Motive Of ODA
The primary purpose of ODA is to promote the economic development and welfare of developing countries. From the perspectives of the donor countries, however, their objectives in providing ODA are not all the same since their national agendas and objectives as well as their historical and cultural relationships with developing countries vary. There are largely three types of motives behind the provision of ODA: political and diplomatic motives, economic motives, and humanitarian motives. In recent years, the rising interdependence among countries fueled by globalization has been highlighted as one of the most important motives for ODA as well.
Political and Diplomatic Motives
ODA is affected by a myriad of factors, including defense alliances, political ideologies, historical relationships, security agendas and foreign policies. During the time of the Cold War, the west and the east were aggressive in using foreign aid as a strategic tool for spreading their respective ideologies. European countries provided development assistance to their former colonies as both compensation to and means of maintaining their influences over them. In recent years, donor countries have leveraged ODA to enhance their relationships with emerging economies and build their soft power to heighten their presences on the global stage. Since the drivers of ODA vary depending upon the donor countries’ foreign policy objectives and strategies, their partner countries as well as the types of their assistance and the targeted sectors tend to differ from one another.
Economic motives are associated with the notion that ODA can lay foundations for economic take·offs in developing countries, and may in turn contribute to expansions of market opportunities for companies in the donor countries that are looking to establish footholds in overseas markets. Since Southeast Asian countries are the destinations for a large of share of Korea’s exports, the economic aspect of ODA has gained more attention here. However, the donors’ explicit and exclusive pursuit of economic gains is not desirable in ODA, which should be used as a means of promoting shared growth between the donor and the developing countries.
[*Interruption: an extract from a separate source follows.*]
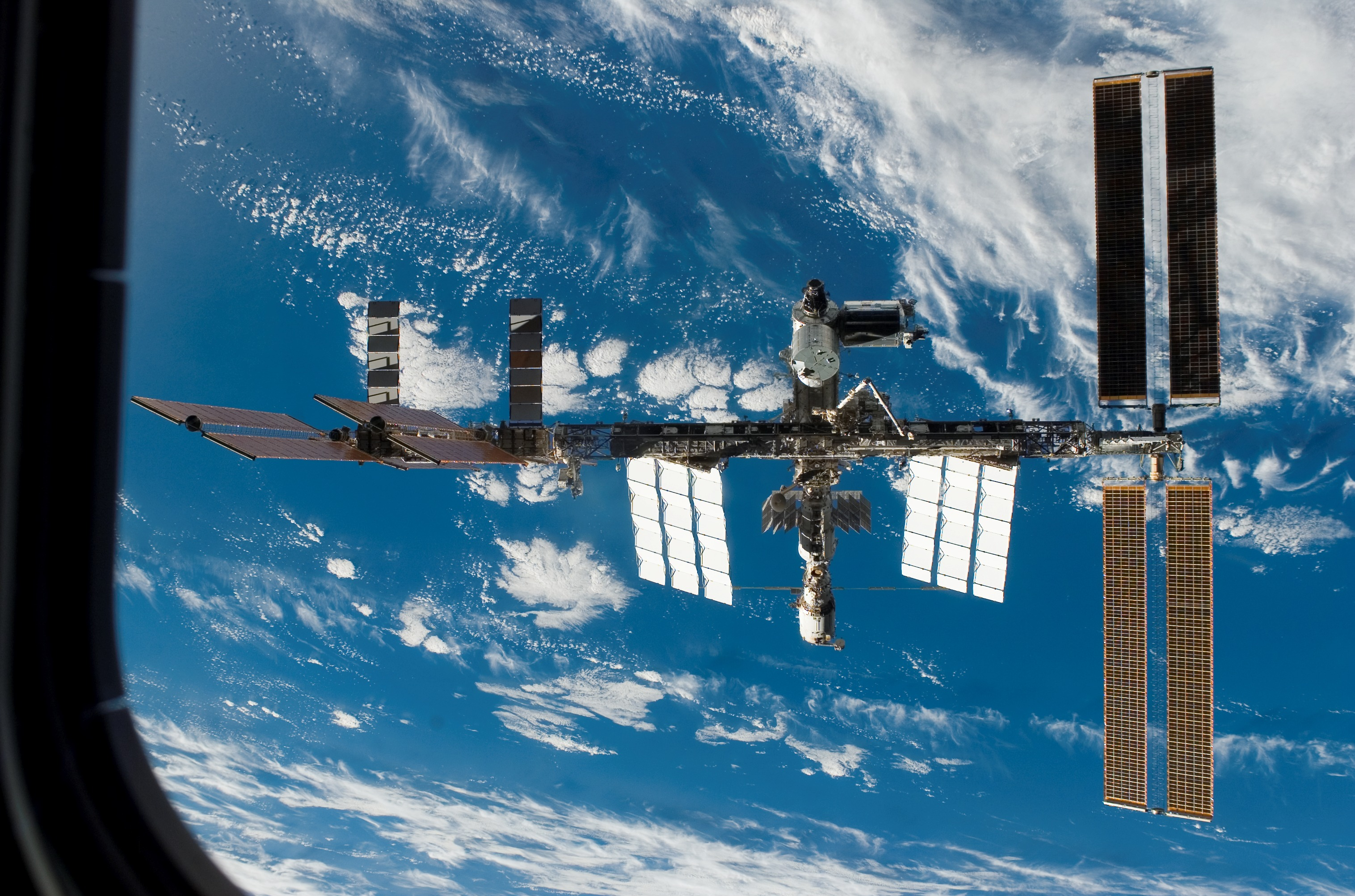 Backdropped by a blue and white part of Earth, the International Space Station is seen from Space Shuttle Endeavour as the two spacecraft begin their relative separation. Earlier the STS-123 and Expedition 16 crews concluded 12 days of cooperative work onboard the shuttle and station. Undocking of the two spacecraft occurred at 7:25 p.m. (CDT) on March 24, 2008.

Humanitarian motives originate the global moral obligation to end absolute poverty so as to help realize the universal values of mankind (e.g. human rights). The humanitarian viewpoint focuses on the fact that poverty remains prevalent despite the striking development that the world has achieved since the end of World War II. Specifically, it regards helping people in developing countries to secure basic livelihoods to lead fulfilling lives as a moral obligation to meet universal values. This view proliferated and gained prominence in the field of development cooperation after the “Pearson Report” in 1969, which propagated the term “world community.”
Interdependent Global Community Motives
In an age of hyper-connectedness, in which people and information are allowed to flow freely into and out of countries, what happens in one country is no longer confined to within its borders but can have effects that are quickly transmitted to neighboring countries and beyond. Just as environmental degradation, climate change and epidemics of disease are affecting the international community, poverty and political instability can fuel global upheavals by giving rise to terrorism or refugee crises that pose grave security threats to the world as a whole. In this changing global environment, donor countries have begun to recognize developing countries not as the recipients of their aid, but as essential economic and political partners that are inextricably linked to their own long-term prosperity and survival.
Each nation has their own ODA objectives and delivery frameworks based upon their historical, political, social and economic backgrounds. In combination of diverse motivations and purposes as explained above, these factors affect the provision of ODA across the globe. Meanwhile, the United Nations (UN) has recommended to the international community that it engage in development cooperation on the basis of the principles of humanitarianism and the interdependence of the world's countries, in order to achieve the Sustainable Development Goals (SDGs) and build on the successes of the Millennium Development Goals (MDGs).